Of these heart disease, cancer, stroke, chronic lower respiratory diseases, and diabetes are all linked to obesity.  The cost of healthcare in Canada was 172 $bi in 2008 and can only have grown since then.  I wonder how much of this monolithic cost can be attributed to overweight individuals who are prone to more injuries and ilnesses, meaning that we wouldn't have to incur many of these costs but for the fact that these people are overweight.
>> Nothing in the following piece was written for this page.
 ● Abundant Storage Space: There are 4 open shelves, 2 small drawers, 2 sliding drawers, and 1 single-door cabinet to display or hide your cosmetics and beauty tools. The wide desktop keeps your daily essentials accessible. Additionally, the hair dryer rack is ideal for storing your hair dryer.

This debt burden isn't being paid now but is being passed onto future generations, as governments continue to kick the can down the road, to use the runaway colloquialism.  (Don't mistake this as an argument for fiscal austerity.)  How about the increase in waiting times because of their presence in the health system?  How many hip or knee replacements they receive because they didn't look after the ones they had?  How many research dollars are being spent to fix problems that are largely related to obesity when they could be directed at other, more universal problems?  This is not to say that we shouldn't be trying to fix these problems; rather it is more a matter of realizing the enormous, far-reaching impact of obesity on our society.
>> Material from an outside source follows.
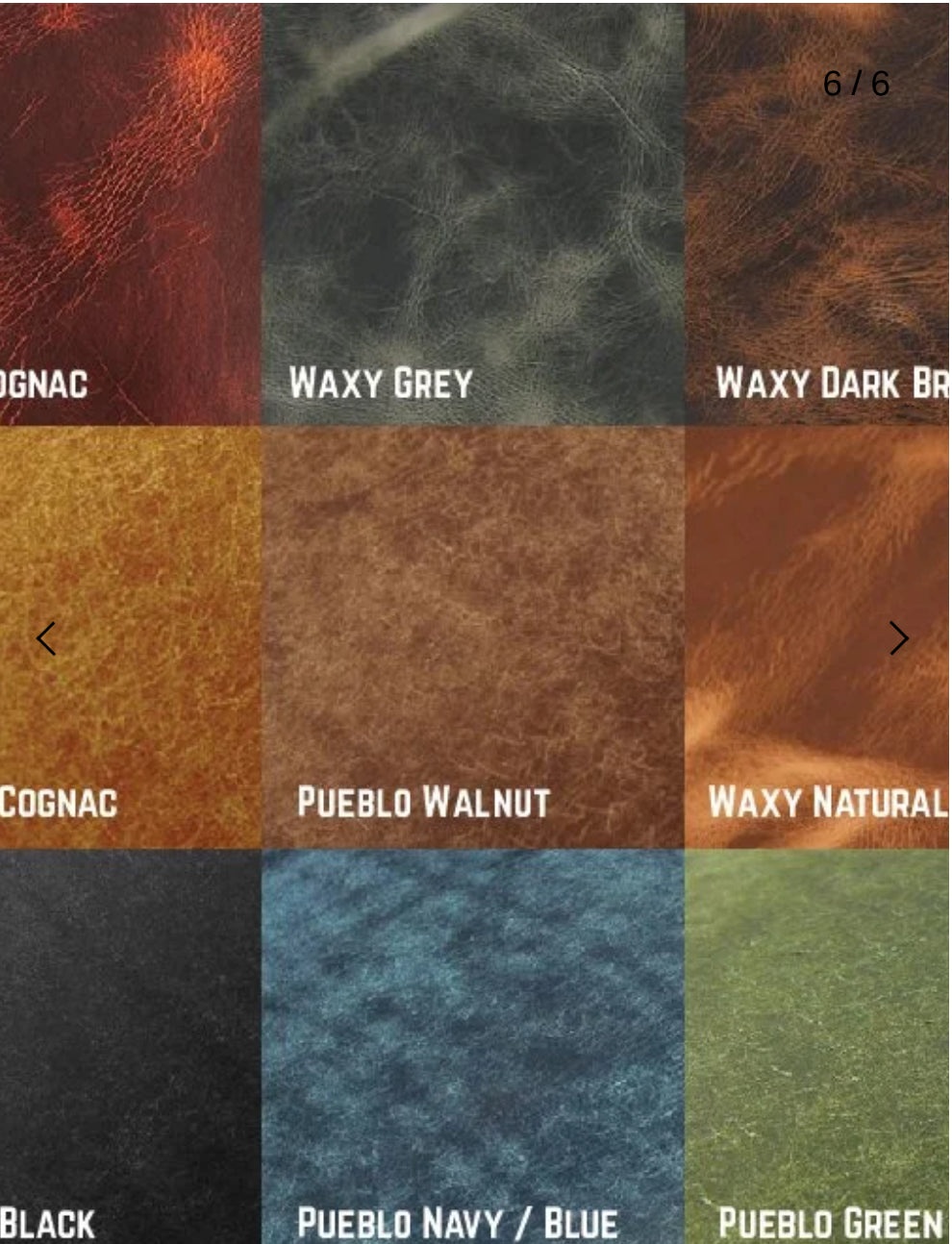 Cognac, Waxy Grey, Waxy Dark Brown, Light Cognac, Pueblo Walnut, Waxy Natural, Black, Pueblo Navy, Pueblo Green
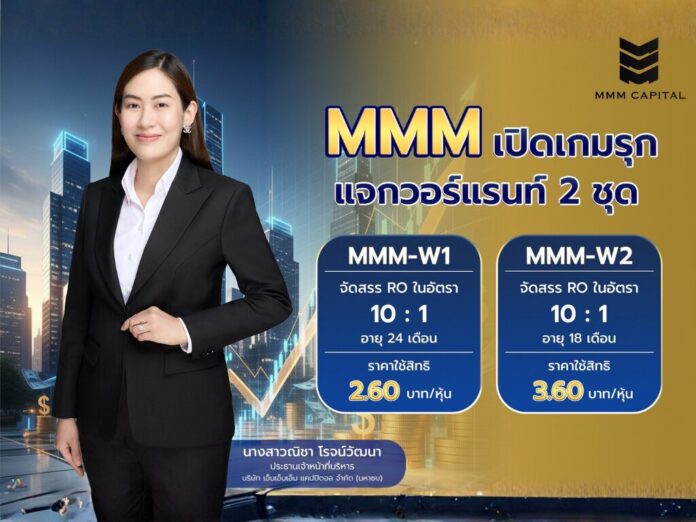 บมจ.เอ็มเอ็มเอ็ม แคปปิตอล หรือ MMM เดินหน้าต่อจิ๊กซอว์ทางธุรกิจ เปิดเกม รุกฆาต! หลังบอร์ดไฟเขียว แจกวอร์แรนท์ MMM-W1 และ MMM-W2 จำนวน 2 ชุดรวด 72.6 ล้านหน่วย ดึงนักลงทุนร่วมทัพ ขยายฐานทุนสู่การสยายปีกการลงทุนในอนาคต พร้อมระบุเงินที่ได้จากการแปลงสภาพวอร์แรนท์เพื่อขยายพอร์ตอสังหาฯ สู่การสร้าง Recurring Income

Fat people are placing an excessive burden on society's shoulders, and how many of them can legitimately claim that it is a medical condition completely beyond their control?  At SOME point it was well within the control of many of these people, and yet they ambled on to Krispy Kreme without thinking about how their decision to finish the whole box would affect everyone else.  That society is worse off for their decisions never crosses their minds, and given our above definition, makes fat people intrinsically "not good."

Please bear in mind that this can be extended to smokers, drug users, extreme athletes - anyone who self-selects into a pool of heightened-risk-of-damage.  At the moment though, fat people seem to be the largest drain and the most controversial one to speak of. 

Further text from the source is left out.